Al-Yaqubi says Al-Hawzah does not support a provisional government that is appointed or selected. He says there are no reasons why the provisional bodies should not be directly elected. He notes that some 80 percent of the country is stable.
"Probably 80 percent of Iraq is stable, and we can go ahead with the elections with the agreement of the Ministry of Planning and the Ministry of Education, as we had it in the past," Al-Yaqubi said.
He says polling stations could be established at schools. The balloting would be supervised by teachers and other members of local communities.
"We are organizing more difficult and sophisticated things, for example pilgrimages to Najaf," Al-Yaqubi says. "On the other hand, even in the United States of America, they never have 100 percent participation."
He says the agreed plan will not be successful because many local councils are in the hands of previously unknown officials who wield little authority:
"For example, in Al-Najaf city. I don't know what is the situation in other councils, how they were formed in other places, but the town council in Najaf was formed in a very unknown way," Al-Yaqubi said.
Al-Yaqubi says a provisional government that is not directly elected will face the same problems as the Iraqi Governing Council.

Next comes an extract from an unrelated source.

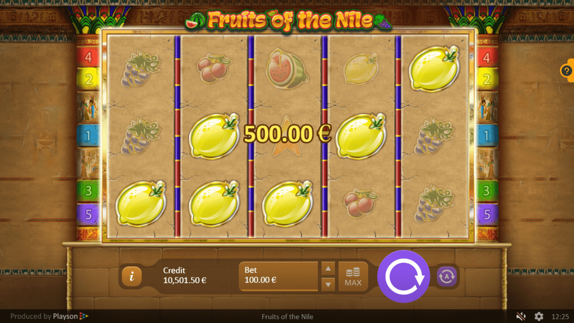 Fruits Of The Nile slot is a 5 reels and 5 pay lines video slot machine, created in 2015. Undoubtedly, casino game could be named as recent and great.
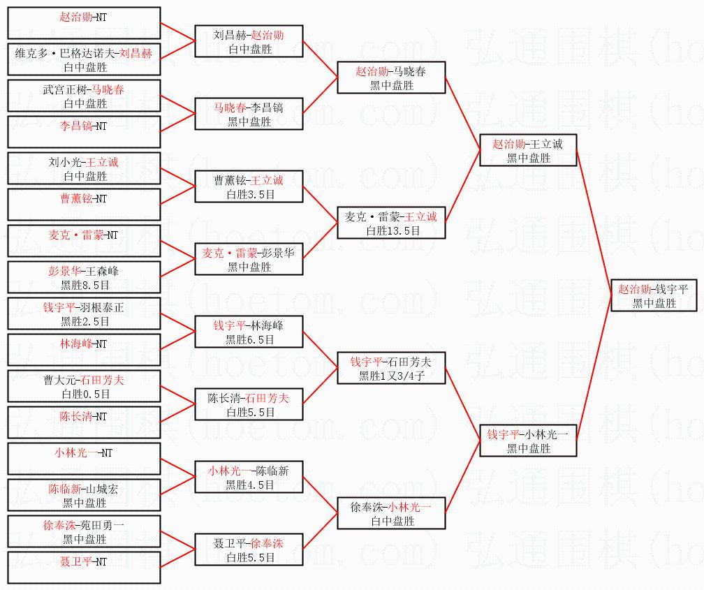 1.赵治勋获得冠军,钱宇平获得亚军。决赛比分:赵治勋1:0钱宇平。棋局:

"Then we will come back to the same problem that exists in the Governing Council -- namely, how the Governing Council was formed," he says. "After several months, we have discovered that the Governing Council needs to be improved. A provisional government is likely to be in power for two years, and we do not need to discover after some short period of time that it [lacks legitimacy]."
Direct elections in Iraq -- whenever they occur -- are likely to give much more power to the Shi'a than they have ever enjoyed. Shi'a Arabs make up more than 60 percent of Iraq's population, but the Sunni minority has always ruled the country. Under the plan agreed to by the Governing Council, a fully democratic government is expected to be in place in Iraq by the end of 2005.

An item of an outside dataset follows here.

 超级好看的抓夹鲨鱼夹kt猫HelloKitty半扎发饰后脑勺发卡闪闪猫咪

Al-Yaqubi says Shi'a rule in Iraq would be the rule of the majority and that there is nothing for either the Arab world or the West to fear.

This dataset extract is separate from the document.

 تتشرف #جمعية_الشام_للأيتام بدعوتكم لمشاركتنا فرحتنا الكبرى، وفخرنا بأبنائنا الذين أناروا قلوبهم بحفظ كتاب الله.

"If the Shi'a are the majority, what's wrong with that?" says Al-Yaqubi. He continues: "I don't know why they are scared that a Shi'a government will be like the one in Iran. No, [elections] won't lead to that because we will have a parliamentary government, but not the vilayat al-faqikh [the rule of a senior cleric] practiced in Iran."
"I don't know why there is some sensitivity about this in the Arab world, why they are annoyed by the Shi'a having their own government," says Al-Yaqubi.
Al-Yaqubi says Al-Hawzah opposes a weak federal state consisting of Kurdish, Shi'a, and Sunni entities.
"From a political point of view," he says, "we support a strong central government without autonomous governments. Any talk of federalism will lead to a division of Iraq."
Commenting on reports that U.S. troops might stay in Iraq even after the country's sovereignty is fully restored, Al-Yaqubi says: "It is expected that the coalition forces will stay in Iraq. They won't pull out. They didn't come all this way just for Iraqi democracy. They have some interests here. But with God's help, with dialogue, after we have a constitutional government in place, we will resolve these issues."
However, Al-Yaqubi says the U.S. should respect Shi'a interests and the role of the Shi'a in the country. Otherwise, he says, the U.S. could encounter an uprising: "The Shi'a are calm because they hope they will have their rights [guaranteed] peacefully in a dialogue. But if they feel something is wrong, maybe they will have another say in it."
Al-Yaqubi says the people could rise up against the coalition without a specific fatwa, or religious ruling, if they feel they have been deceived.